I started modelling the room in 3D, making sure important equipment was easily identifiable. Basic Maya shaders were applied to the meshes, making them resemble the room/equipment from the images. As the project would be viewed in VR through a mobile, I made sure that the models were not made up of too many polygons, whilst still maintaining resemblance to the actual equipment. The team were pleased with the design of the anesthetic room after presenting it to them.

Moving into VR

The environment was setup in Unity with some basic lighting.
A Reflection probe was added to generate reflections on meshes such as glass/mirror/monitors, offering more accurate lighting.
I built the VR application onto my mobile phone along with the Google Cardboard.

Project in VR Google Cardboard

Feedback from the YPF suggested that

We reached out to the YPF again to gain feedback on our project through more breakout rooms discussions, jamboards and a survey. Screenshots of the work were shown in the presentation, as well as a link to a hosting site that showcased my Unity project here. This allowed the patients to look around the 3D environment. The 360° video recording was also played.


Results showed that the majority of patients thought the 3D room could help reduce their anxiety ahead of admission. Compared to a sizable 15% who thought the original 360° video experience ‘probably wouldn’t’.
When also asked what aspects of the experience they would want to interact with the most, the majority chose the ‘Anesthetic Machine‘ and ‘People looking after you‘. So it was clear to us that patients valued clarity and support.

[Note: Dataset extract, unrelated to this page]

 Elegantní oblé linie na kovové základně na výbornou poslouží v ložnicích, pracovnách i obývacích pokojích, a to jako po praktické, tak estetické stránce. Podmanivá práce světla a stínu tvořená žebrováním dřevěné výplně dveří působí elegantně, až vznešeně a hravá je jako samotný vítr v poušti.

Forms response chart. Question title: After looking at the digital anaesthetic room do you think exploring this ahead of an admission to hospital could help reduce your anxiety?. Number of responses: 26 responses.

Forms response chart. Question title: After looking at the 360 video of the anaesthetic room do you think exploring this ahead of an admission to hospital could help reduce your anxiety?. Number of responses: 26 responses.

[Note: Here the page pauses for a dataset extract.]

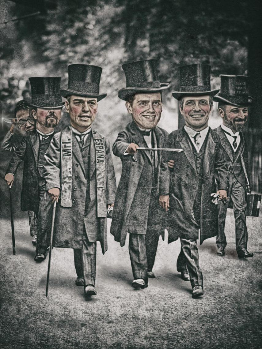 Fijémonos en la foto de hace cien años que ha inspirado hoy la ilustración de Javier Muñoz. Delante marchan el primer ministro británico Lloyd George, Clemenceau, bastón en ristre, y el presidente Woodrow Wilson. Detrás hay dos personajes con canotier, probablemente guardaespaldas, que muy bien podrían representar al séquito de actores secundarios. En ese tres más dos se ha convertido la política española actual.

We were given the opportunity to present at major conferenceses

The CST team put together 2 Conference posters which were accepted at the Royal College of Paediatrics and Child Health (RCPCH). These outlined the involvement with the YPF and our VR projects, as well as looking at forms of patient engagement via video conferencing and jamboards.

Our project were also mentioned in a short journal written by the CYP Fellow:

The final result was highly promising

The final design presents the anesthetic room with all of its features and pieces of equipment. The scene is very immersive and provides the opportunity and space of patients to learn at ease. We had planned on implementing voice overs, annotations to flesh out the experience. However, talks broke down.

There were discussions about trialing the work, between GOSH Data Research, Innovation and Virtual Environments (DRIVE) unit and the Royal Free Hospital Innovation Team. Unfortunately later down the line, Royal Free had changed course, and we decided to part ways.
Also – due to the current CST Fellow leaving her placement – there was less engagement with the team and not much progress could be made, so talks ceased.

360 VR experience recording

What I learned

Always take up opportunities to work with engaged teams
There is ongoing engagement and interest from Clinical Simulation departments to explore immersive projects within innovation. Whether for staff training or patient experience, the biggest interest comes from their department. And so being able to discuss and advise them on using VR for patient experience was a great opportunity.

Work with your users directly to foster stronger relationships
The YPF was also a key process in the project. At the end of the day, they will be the ones using the service, and so it’s standard knowledge that for a project to succeed, users need to remain at the heart of it.